Benchmarking Deep Learning and Vision Foundation Models for Atypical vs. Normal Mitosis Classification with Cross-Dataset Evaluation
Pith reviewed 2026-05-19 07:36 UTC · model grok-4.3
The pith
Transfer learning and LoRA fine-tuning enable balanced accuracies up to 0.81 for atypical mitosis classification across in-domain and held-out datasets.

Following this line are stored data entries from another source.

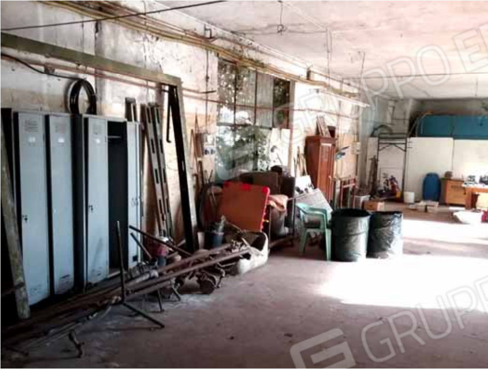
FOTO 48: Altro interno del laboratorio dismesso ubicato nel piano seminterrato censito alla sezione Urbana NCT, fg. 10, mapp. 231 sub 14 – LOTTO n. 7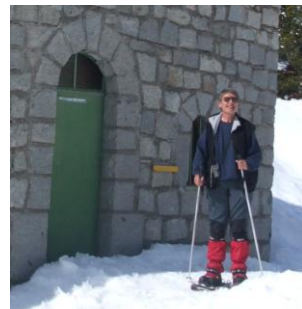
Photo prise le 13 mars 2010 devant la chapelle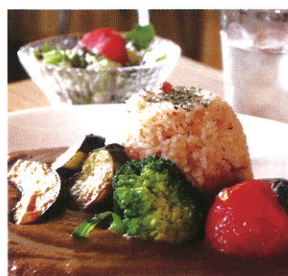
パノラマCafeとびかたの森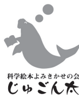
科学絵本よみきかせの会 じゅごん太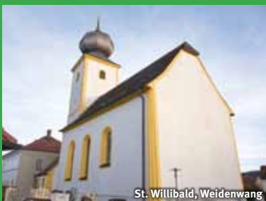
St. Willibald, Weidenwang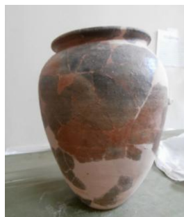
Fig. 7-8: Piesa în timpul completării formei

Conservarea și uscarea zonelor completate a încheiat procesul de restaurare al piesei.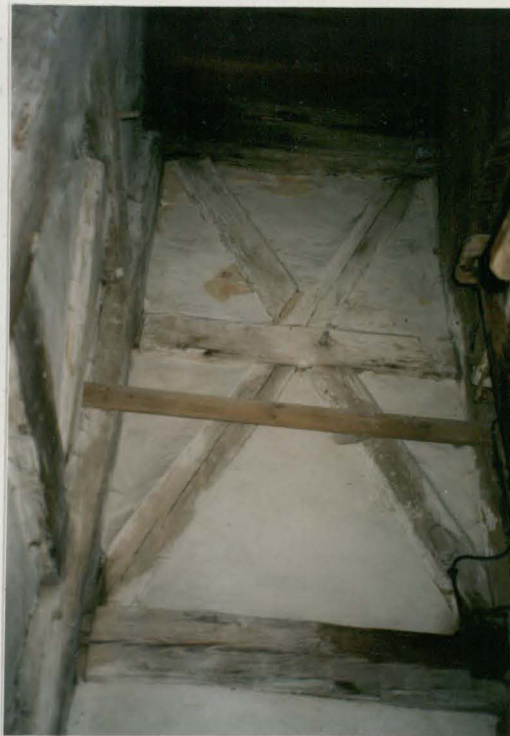
Wnętrze wieży - fragment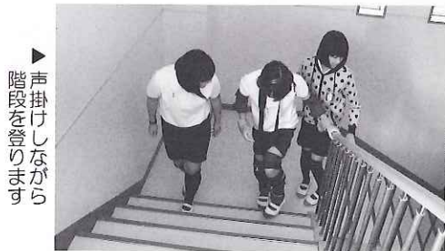
声掛けしながら階段を登ります

児童から「高齢の人が困っていたら、荷物を持ってあげるなど何か手助けをしてあげたい。」と感想があり、今回の体験で学んだことを今後に生かしてもらいたいと思いました。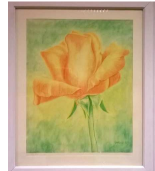
Pietro Bellomo, Maler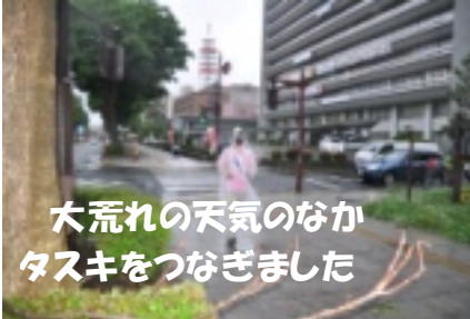
大荒れの天気の中 タスキをつなぎました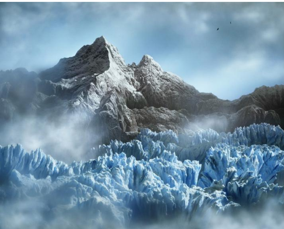
Didier MASSARD, Le Glacier, C-print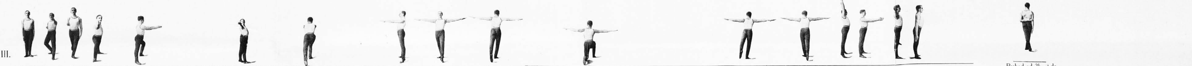
III. Temeljna postava 1a, a, a, β, b, a, b, β, c, a, c, β, d, a, d, β, 2a, a, a, β, b, a, b, β, c, a, c, β, d, a, d, β, 3a, a, a, β, b, a, b, β, c, a, c, β, d, a, d, β, 4a, a, a, β, b, a, b, β, c, a, c, β, d, a, d, β, Prehod od 2b, β do 2c, a, (Začetni na 'in')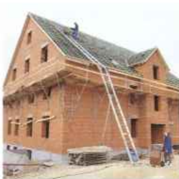
Schrägaufzüge mit Seil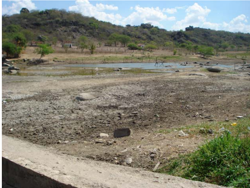
Figura 3.5.5 Barragem de água no rio Capibaribe no período de estiagem a montante do descarte do efluente tratado de lavanderia e tinturaria industriais

Nessa área, há muitas empresas de pequeno porte distribuídas na extensão das margens do rio Capibaribe até a ponte onde é realizada a coleta da água do Rio a jusante do lançamento do efluente investigado. A figura 3.5.6 ilustra a poluição do rio Capibaribe pelo lançamento de efluentes ao corpo receptor sem o devido tratamento ( in natura ), contribuindo em muito para o processo de poluição ambiental, caracterizando um transporte de poluentes de natureza difusa além da descarga de esgotos domésticos localizados às margens do Rio.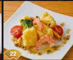
22 바삭 & 사르르 까망베르 튀김 새우와 버섯 의 감바스 소스 Crispy and Creamy Camembert cheese Tempura, Shrimp, and Mushrooms in Ajillo Sauce ¥1,000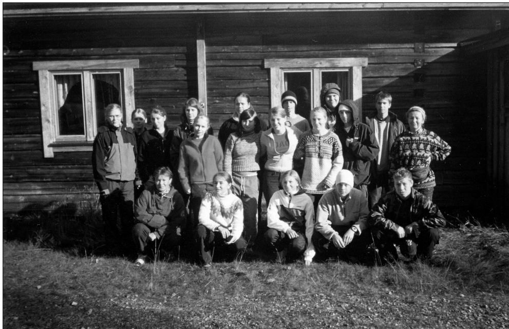
Tunturivaellusporukka Orresokan kämpällä.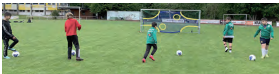
„Neues Trainingsgerät in der Erprobung!“

gangen. Ein Mitspieler hat sich in dieser Zeit auch gegen einen Neustart im Fußball entschieden und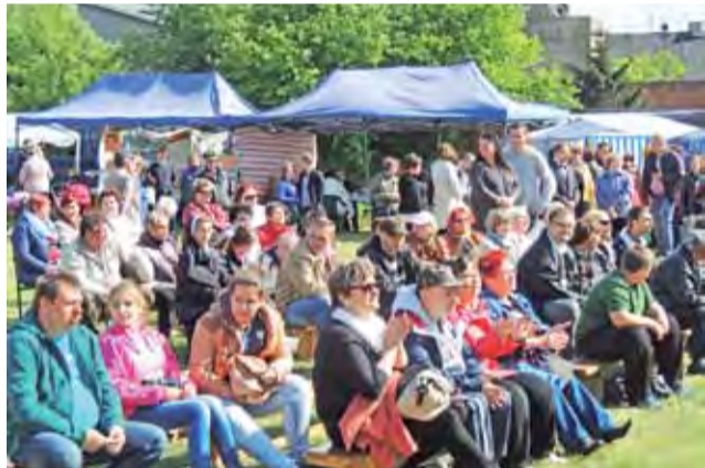
Publiczność podczas festynu dopisała.

Na festyn przybyło wielu mieszkańców Żychlina i okolic, ponieważ atrakcji nie brakowało.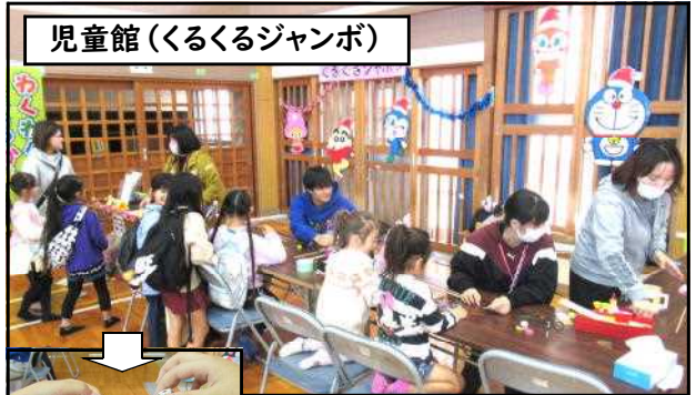
児童館(くるくるジャンボ)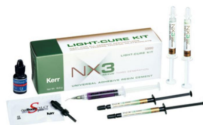
NX3 – светоотверждаемый набор 33682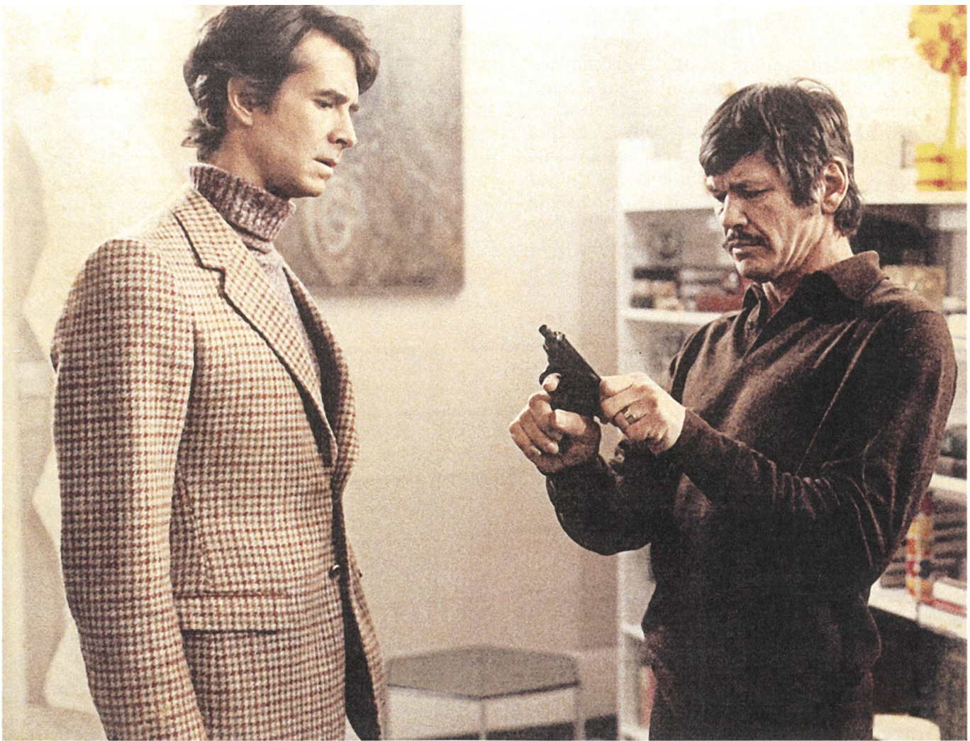
Someone Behind the Door (1971) Anthony Perkins und Charles Bronson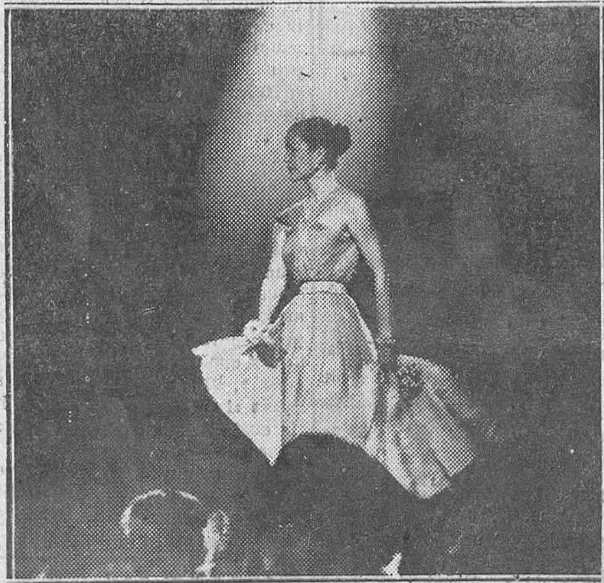
En la exposición benéfica celebrada por la Asociación Internacional de la Seda, en Nueva York, entre muchas creaciones, presentaron este modelo lindísimo, al cual bien podría dársele el nombre de "Mariposa", por su vaporoso encanto.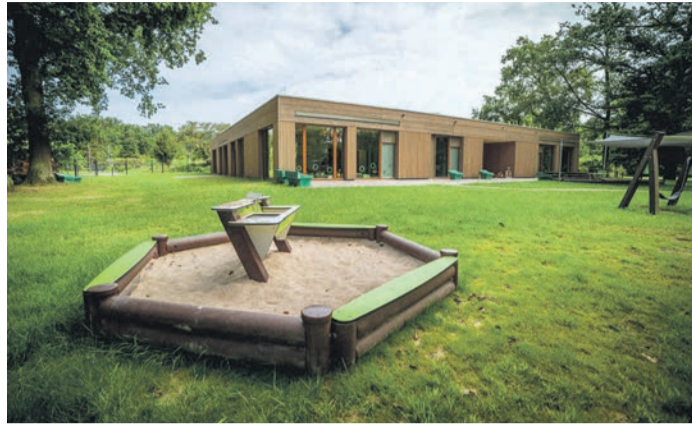
Kita Badstraße - eine der neuesten geschaffenen Kitas

Obertshausen (NZO) Die Stadt Obertshausen erweitert ihr Angebot an Betreuungsplätzen für Kinder mit einer Reihe von Projekten, um den steigenden Bedarf in der Region zu decken und eine zeitgemäße, naturnahe Betreuung sicherzustellen. Im Fokus stehen dabei die Umnutzung bestehender Räumlichkeiten, der Einsatz neuer Holzbauwagen und der Bau neuer Einrichtungen. Bürgermeister Manuel Friedrich betont: „Wir investieren weitere Millionen in die Zukunft unserer Kinder und schaffen wichtige Betreuungsangebote für alle Altersgruppen.“ In der Kita Thomas Morus werden bisherige Horträume in eine neue Kindergartengruppe umgewandelt. Die Betriebsereignis wurde im August 2024 erteilt, und die Umsetzung er-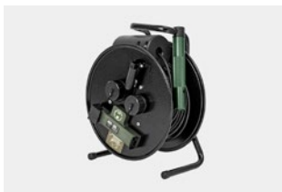
Touret de câble VX1, 25 Réf. 2903170260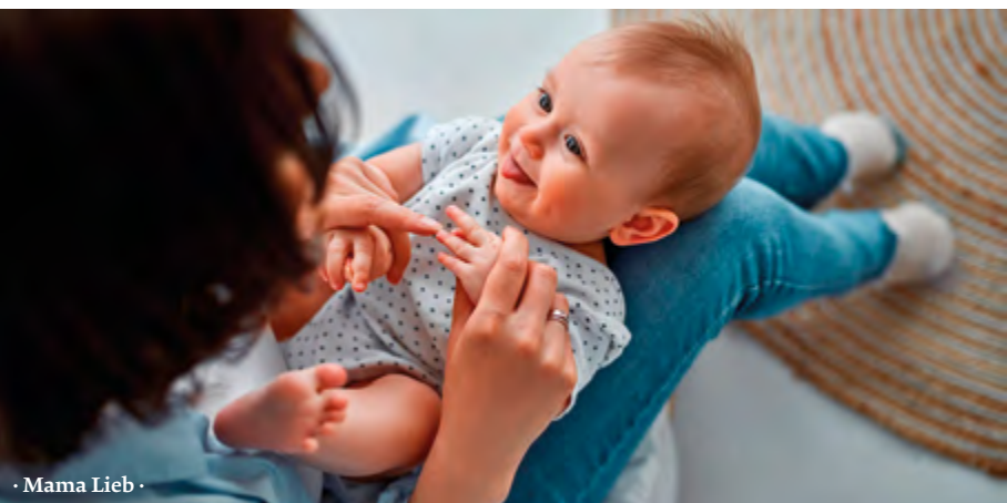
· Mama Lieb ·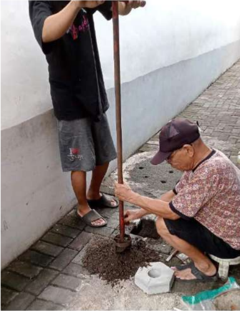
Gambar 1 Pelatihan Pemasangan RW 01,02,03 13 Juni 2024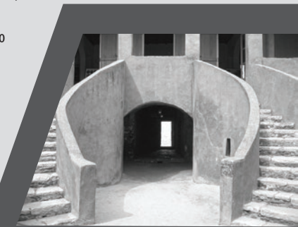
The House of Slaves (Gorée Island, Senegal).

«Ковчег возвращения»: такое название мемориала было специально выбрано в противоположность названию музея «Ворота невозврата», через которые проходили африканские рабы при их отправке на американский континент. Музей находится в Сенегале на острове Горе, который считается самым крупным перевалочным пунктом работорговли на побережье Африки. В 1978 году по решению ЮНЕСКО этот остров был включен в список объектов Всемирного наследия. Он служит напоминанием об эксплуатации людей и храмом для примирения.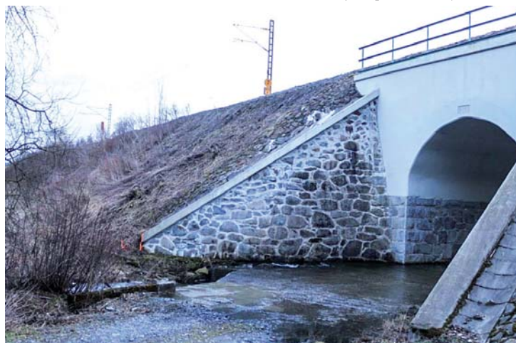
Viadukt s mokřadem.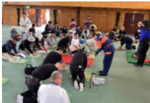
AED・心肺蘇生法の体験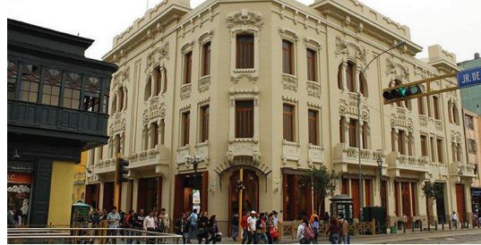
Palais Concert en Jirón de la Unicón, Lima.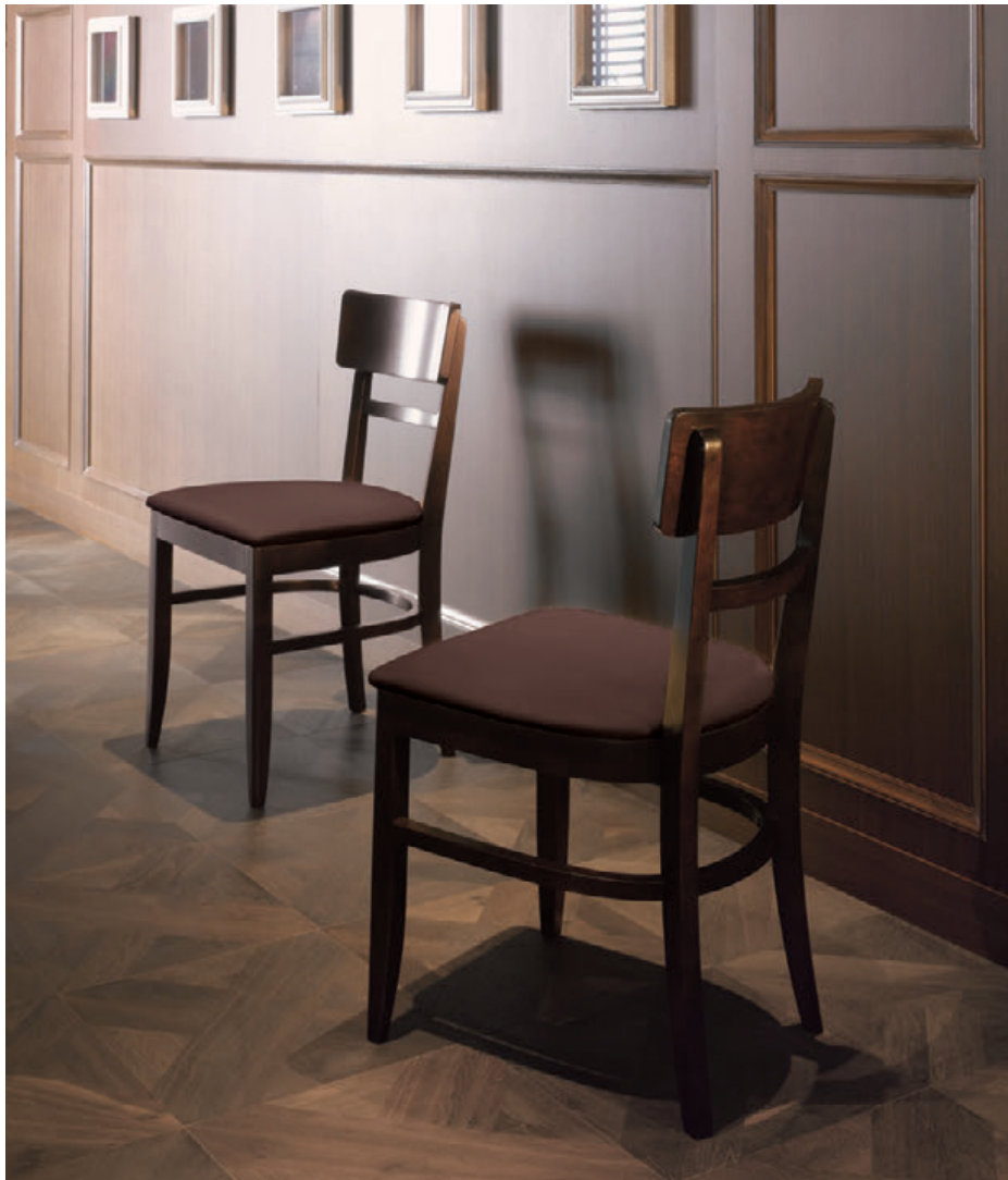
▲プレミス ¥29,900 張材:布地・C-52 (ダークブラウン)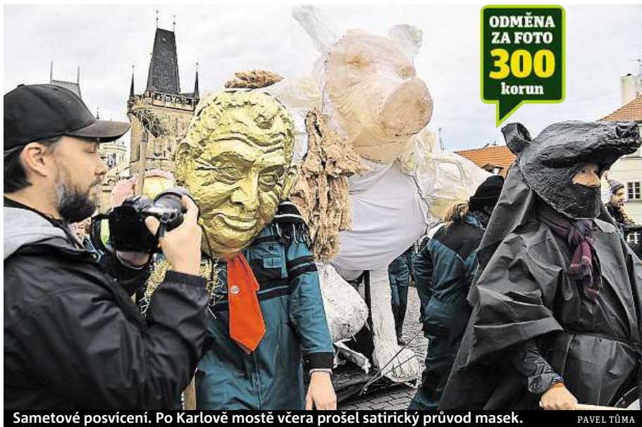
Sametové posvícení. Po Karlově mostě včera prošel satirický průvod masek.

V průběhu dne se pod heslem „Nezapomínáme! Připomínka boje za svobodu, protest proti populismu a politice prezidenta republiky“ jed-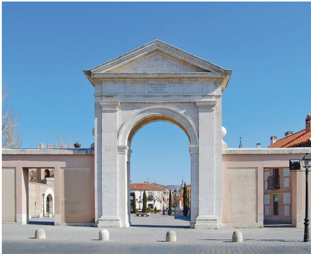
Se actuará en las inmediaciones de la Puerta de Madrid de Alcalá de Henares

Por municipios, Alcalá de Henares es el que más dinero recibe. En total, algo más de 7,4 millones de euros. De ellos, 4,6 millones se destinarán a la peatonalización y la implantación de la Zona de Bajas Emisiones del casco histórico. Además, 2,5 millones de euros irán para la mejora de las pasarelas sobre las vías del tren de las zonas este, oeste y centro. A Torrejón de Ardoz llegarán casi 4 millones de euros. El importe íntegro irá destinado a la ampliación del aparcamiento disuasorio que ya existe en la Plaza de España, junto a la estación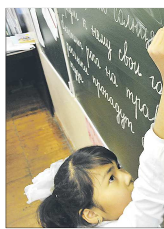
Перед многими российскими школами стоит задача качественного обучения русскому языку детей мигрантов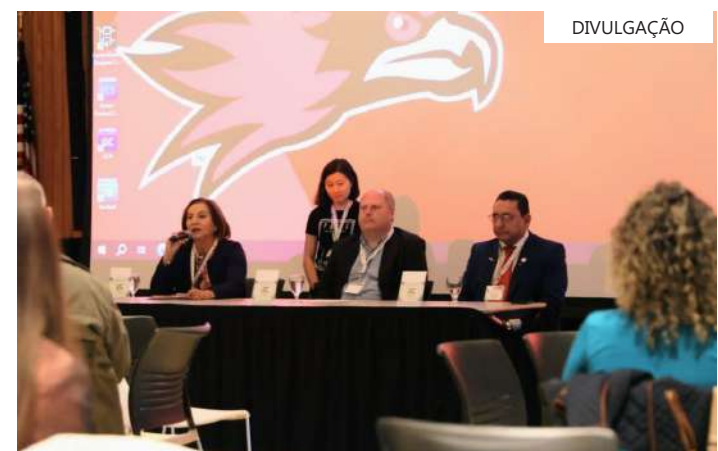
Destaque internacional do Amazonas, desembargadora está nos EUA

No último dia de evento os participantes farão visita guiada à Instituição para conhecerem projetos de pesquisa e ações da instituição em prol da preservação ambiental e do desenvolvimento sustentável.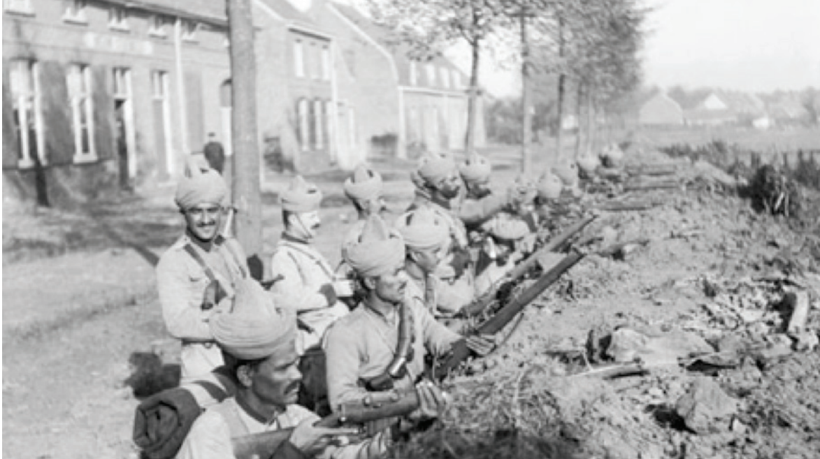
Sikhiska soldater (från Indiska Punjab) i det brittiska "129th Duke of Connaught's Own Baluchis". Bilden föreställer barrikader i utkanten Wytschaete i Belgien, oktober 1914. Husraden bakom dem visar hur nära bebyggelsen fronten gick. När de indiska trupperna anlände till västfronten sås det att de "räddade det brittiska imperiet". Indiska trupper stred i alla stora slag under 1914 och 1915 innan de förflyttade till Mesopotamien vid slutet av 1915. Indiska soldater stred inte bara på Västfronten utan också i Gallipoli, Egypten, Palestina, Persien och Salonika.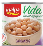
Garbanzos Lata x 300 g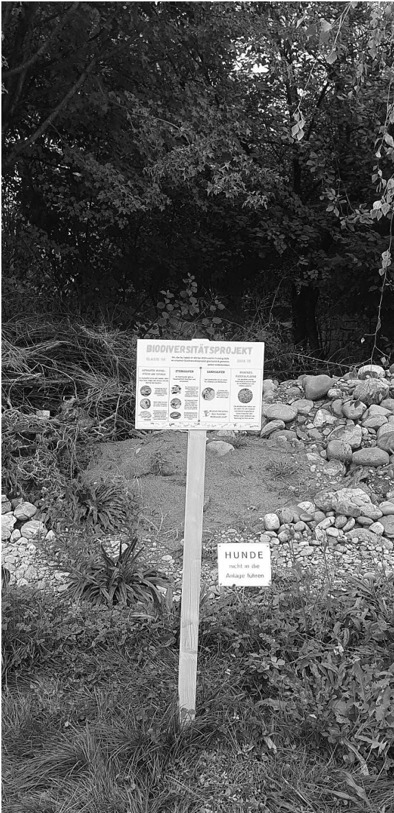
Informationstafel: Auf die Biodiversität aufmerksam machen.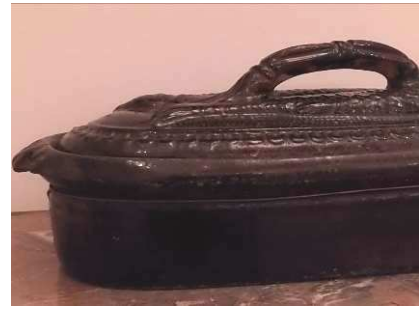
Plat à terrine de poisson Terre brune émaillée - 18 e siècle ?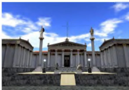
Εικόνα 2: Το νέο κτίριο της Ακαδημίας Αθηνών στο SL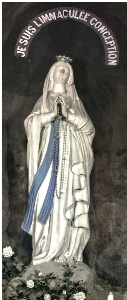
ND de Lourdes Cathédrale.

Il faut dire aussi que dès 1975, a été mis en place dans notre diocèse, un "Rassemble-

A machine-rendered reading of the paper's core claim, the machinery that carries it, and where it could break.
Core claim
Building on the Atypical Mitosis dataset for Breast Cancer (AMi-Br), this study presents a comprehensive benchmark comparing deep learning approaches for automated atypical mitotic figure (AMF) classification, including end-to-end trained deep learning models, foundation models with linear probing, and foundation models fine-tuned with low-rank adaptation (LoRA). For rigorous evaluation, we further introduce two new held-out AMF datasets - AtNorM-Br, a dataset of mitotic figures from the TCGA breast cancer cohort, and AtNorM-MD, a multi-domain dataset of mitotic figures from a subset of the MIDOG++ training set. We found average balanced accuracy values of up to 0.8135, 0.7788, and 0.7723 on
What carries the argument
Vision foundation models fine-tuned with low-rank adaptation (LoRA) on atypical versus normal mitotic figure images, evaluated through cross-dataset protocols that include newly constructed held-out collections.
Load-bearing premise
The labels assigned to mitotic figures in the new AtNorM-Br and AtNorM-MD datasets reliably reflect true atypical versus normal status and remain consistent when different pathologists or staining protocols are used.
What would settle it
A multi-rater study that quantifies inter-pathologist disagreement on the same mitotic figures used in AtNorM-Br and AtNorM-MD and then measures whether model accuracy tracks that disagreement level would directly test whether reported balanced accuracies capture biological signal or annotation noise.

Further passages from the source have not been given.